The guard in uniform opened the door and led the innocent victim into the great arena.
"The maiden comes: see, yonder," said Coryna, looking intently towards her.
Myrtis spoke not, but strained her eyes to see.
The Christian maiden approached slowly in charge of the guard till she was placed in front of the pavilion where sat the emperor, clothed in a purple robe and on his head a laurel crown. Leaving her there, the guard withdrew without delay that the keeper might unbar a heavy iron gate for the wild beast to enter in and devour.
Pathema stood alone, a graceful form in flowing garments, within those spacious walls. Clothed in mockery in the white robe of a vestal virgin, yet she was a chaste virgin of Jesus Christ. Bound with a white fillet, her rich black hair, of lavish length, lay back in glistening waves. Her soft dark eyes were modestly towards the ground; once only were they raised, and then to a purer region than earth. Her face was pale and worn but eminently beautiful, with the light of heaven on her thoughtful brow. All around, thousands upon thousands of human eyes, gazing with inhumane curiosity, were an abashing and disturbing sight themselves. But with the solitary object of their gaze, the flow of mental energy was smoothly but strongly and consumingly in the channel of the spiritual emotions. The hidden struggle with conflicting streams of feeling was all gone through in the bitterness and supplications of the dungeon. The agony was past, and Pathema was resigned.
"That sad sweet countenance entrances me," said Myrtis, deeply moved. "Oh Coryna, I go, and yet I cannot! Whence that light and peace?"
Coryna replied not, for she could not. But from among the pullati or poor people, immediately below, an answer of a kind came. It was in the subdued voice of a shepherd from the mountains of Lycia. Orestes had nimbly escaped while Pathema was being removed from the prison not long before; but at the risk of recapture he had entered the amphitheatre, determined, like Peter, to see the end, not out of curiosity but of Christian love, hoping against hope. He sat at the end of a seat near one of the vomitoria or doors of entrance from the internal lobbies in the shell of the building. Although his garb was soiled and worn, his face was thoughtful, humane and resolute, like the rugged rocks of Taurus. His remarks were not intended for other ears, but were the half-audible, broken sentences of an intense mind.

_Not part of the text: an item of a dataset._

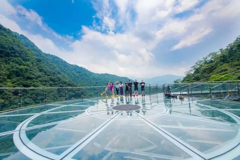 懸空玻璃平臺全長202米,以72米的懸空跨度名列世界第一,為美國科羅拉多大峽谷的U形橋(21米)的3.5倍;點(diǎn)睛之筆是平臺頂部直徑16.8米的玻璃觀景圓臺,這是和瀑布親密接觸的絕佳位置。圓臺中間獨(dú)具匠心地設(shè)計了網(wǎng)格狀鏤空,山風(fēng)穿透,頓生寒意;踏步其上,如墜深淵,令人心驚膽寒。

"Listen!" said Coryna, recovering herself, "he speaks in our own tongue; and they heard such expressions as—
"The peace of God, which passeth all understanding. Enduring—enduring! Life is but a fleeting breath at best. Corrupt—corrupt! Is not this foul spectacle around her the proof? She would not live for a human name—worthless from the low-viewed multitude—nor for pleasure, nor for mere living, at the price of loyalty to Christ. Yet she would live—live that she might humbly aid these people to rise up from the pit of the sensual savage mind—into the light, the glorious light. But she is rejected and despised. Like her Master, she must be sacrificed—in cruelty and shame. If it be possible, let this cup pass from her, I beseech Thee, O God!"
Pathema knew not that in the vast multitude above there was one—her fellow-countryman and co-worker, the humble shepherd of mount Taurus—pleading for her life with all the intensity of agonising pity. To her, mercy was a stranger within those living walls, yet with meekly bended head in steadfast trust she stood, bearing her awful cross in the footprints of the Nazarene.